Autonomous Red-Blue Teaming agents that detect, exploit, and fix smart contract bugs via Foundry.
Smart contract security is a high-stakes "Dark Forest," where a single vulnerability can lead to millions in losses. Traditional static analysis tools (like Slither) are noisy, and manual auditing is slow and expensive. SoliForge introduces an autonomous Red-Blue Teaming workflow powered by LLMs. Unlike passive scanners, SoliForge acts as an active adversary and a defender simultaneously: The Red Agent acts as a hacker. It analyzes static reports and writes executable Foundry (.t.sol) exploit scripts to prove the vulnerability exists (e.g., draining a bank via reentrancy). The Blue Agent acts as a senior engineer. It analyzes the successful exploit and patches the source code automatically using CEI (Checks-Effects-Interactions) patterns. The Gatekeeper validates the fix by running regression tests in a sandboxed Docker environment. The loop continues until the contract is mathematically secure against the generated threats. SoliForge turns security auditing from a manual consulting service into an automated, verifiable, and self-healing continuous integration process.

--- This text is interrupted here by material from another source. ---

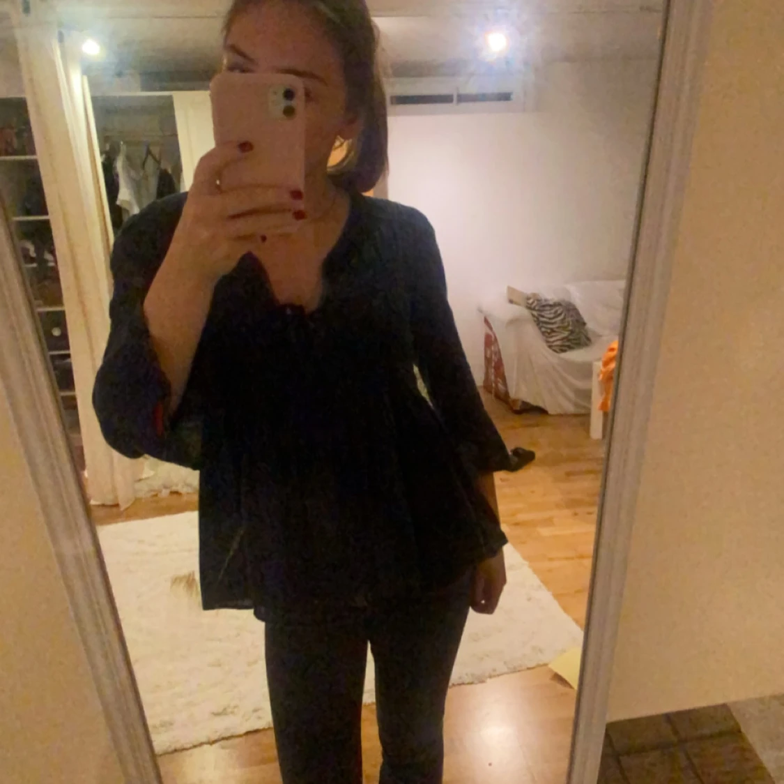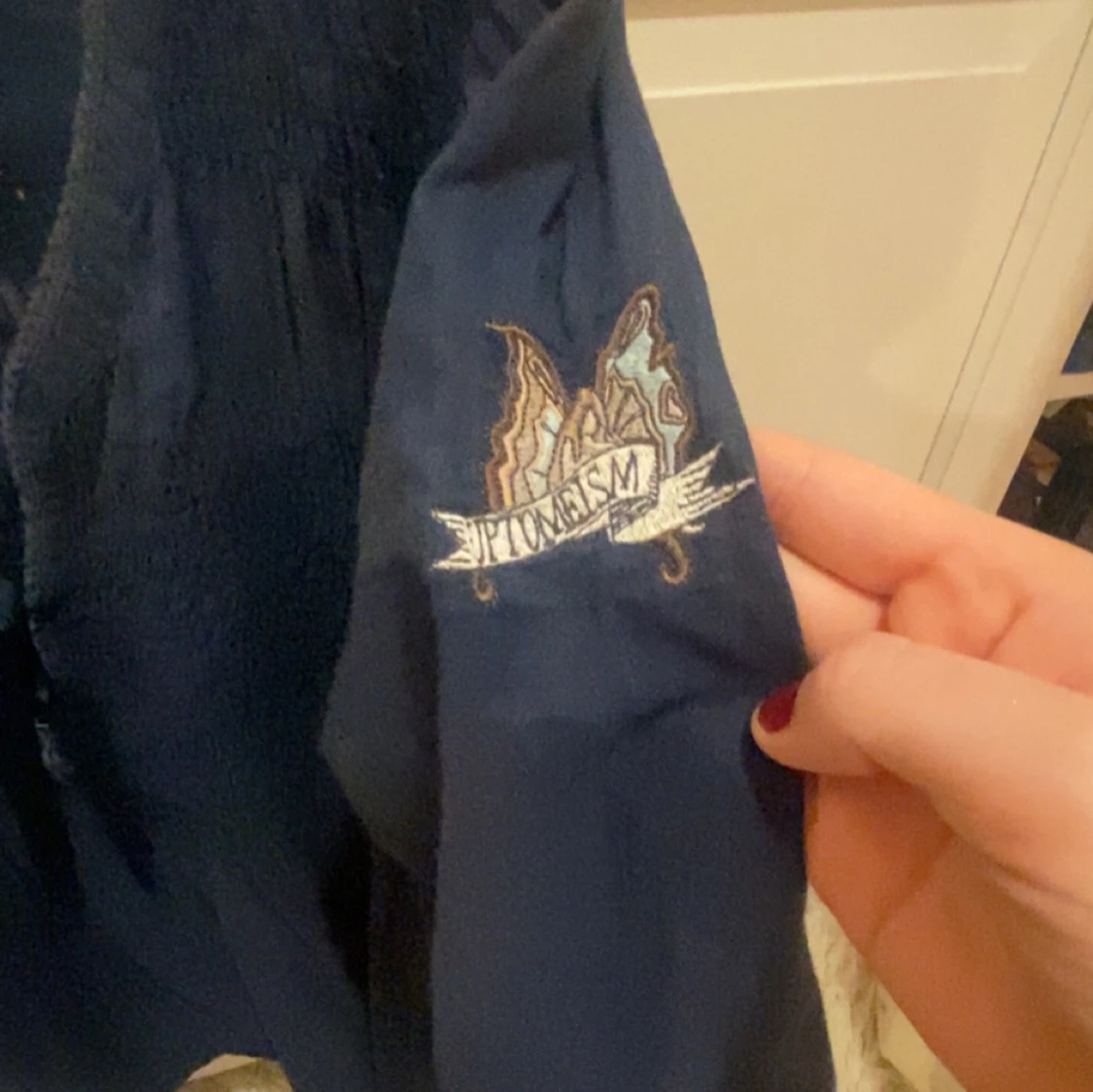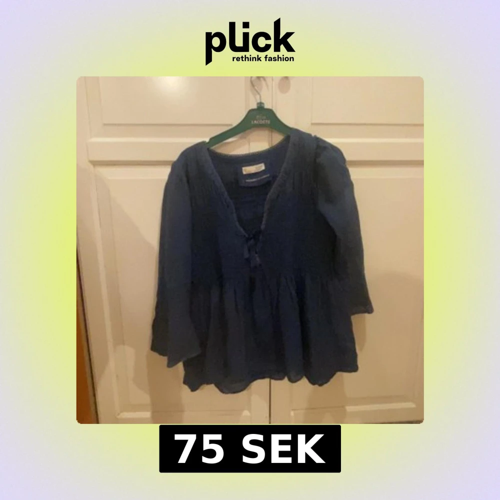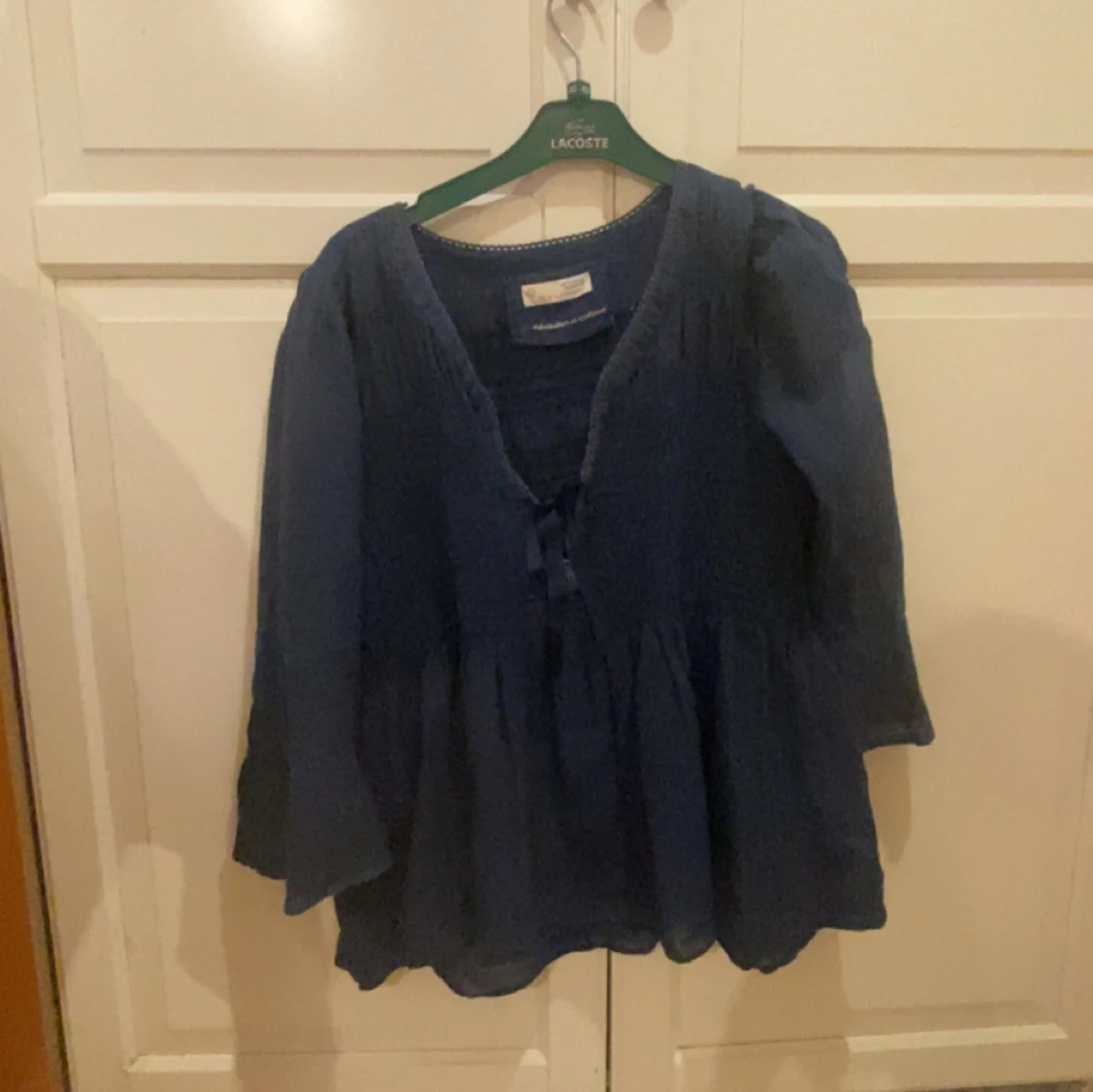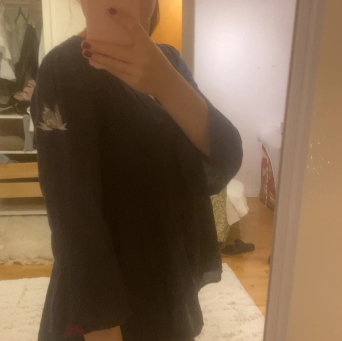 Säljer en mörkblå blus med broderad detalj på ärmen. Blusen har långa ärmar och en knytning framtill. Perfekt för en avslappnad stil.

SoliForge is built on a Python backend orchestrated by LangGraph, which manages the stateful interaction between agents. The Tech Stack: Brain: We utilized Alibaba Cloud's Qwen (DashScope) as the core LLM. Its instruction-following capability was crucial for generating valid Solidity code. Orchestration: LangGraph defines the cyclical workflow (Discovery -> Weaponize -> Fix -> Validate). Security Tools: We integrated Slither for initial scanning and Foundry for execution. All compilations and tests run inside isolated Docker containers to ensure host security while allowing the agents to execute arbitrary code. Frontend: React + Vite provides a real-time "Mission Control" dashboard to visualize the battle between Red and Blue agents. The "Hacky" Part (Prompt Engineering): A major challenge was LLMs hallucinating invalid reentrancy attacks (e.g., forgetting to implement the receive() recursion). We solved this by injecting a strict "One-Shot Template" into the Red Agent's system prompt. We force the LLM to follow a specific "Attacker" contract structure, effectively "teaching" the model EVM mechanics (like balance checks vs mapping updates) in real-time. This significantly increased the compilation success rate of AI-generated exploits from <30% to >90%.